BookCrossing was launched on April 21, 2001. By November 2019, there were over 1.9 million members and over 13 million books traveling through 132 countries, of which over 25 thousand books newly "released in the wild" in the previous month across over 60 countries. Over 80% of the books were released in the eight most active countries (Germany, United States, Spain, Italy, Australia, United Kingdom, the Netherlands and Brasil). The world's first official International BookCrossing Day took place on April 21st, 2014.

Cai-Nicolas Zeigler collected over one million ratings of books from the BookCrossing website. Since the books are identified by the ISBN, what we call here a book is, really, an edition of a book.

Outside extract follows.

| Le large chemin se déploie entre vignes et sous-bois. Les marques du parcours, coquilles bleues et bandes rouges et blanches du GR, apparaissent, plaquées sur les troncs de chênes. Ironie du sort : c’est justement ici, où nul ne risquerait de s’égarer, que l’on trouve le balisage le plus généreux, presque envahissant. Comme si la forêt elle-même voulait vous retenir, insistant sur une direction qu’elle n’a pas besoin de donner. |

Popular books, such as *Harry Potter and the Sorcerer's Stone*, have several editions in this database.

### The data

The data for this example come in three tables. The file `book_users.csv` contains information about 278,858 users. The columns are:

* `user`, the user's ID (anonymized).

* `location`, the user's location, as 'city, state, country'. Example: `moscow, yukon territory, russia`.

* `age`, the user's age, in years. Almost 40% of the data are missing.

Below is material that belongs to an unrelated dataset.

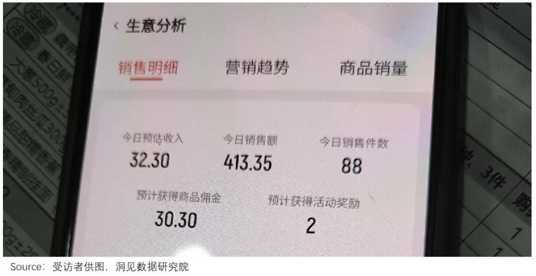 卖得越多越不划算下,李兰选择关闭另外两家平台,只保留淘菜菜。当然,这也只是赚个辛苦钱——一天卖88单,销售额413,预估收入32元,但这已经超过武汉78%的团长的表现。

The file `book_items.csv` contains information about 271,360 books on circulation. The columns are: 

* `isbn`, the ISBN code of the book, which works as the book ID. Invalid ISBN's have already been removed.

* `title`, the title of the book.

* `author`, the book's author, obtained from Amazon Web Services. In case of several authors, only the first one is provided. One value missing.

* `year`, the year of publication, obtained from Amazon Web Services. 1.7% of the values missing.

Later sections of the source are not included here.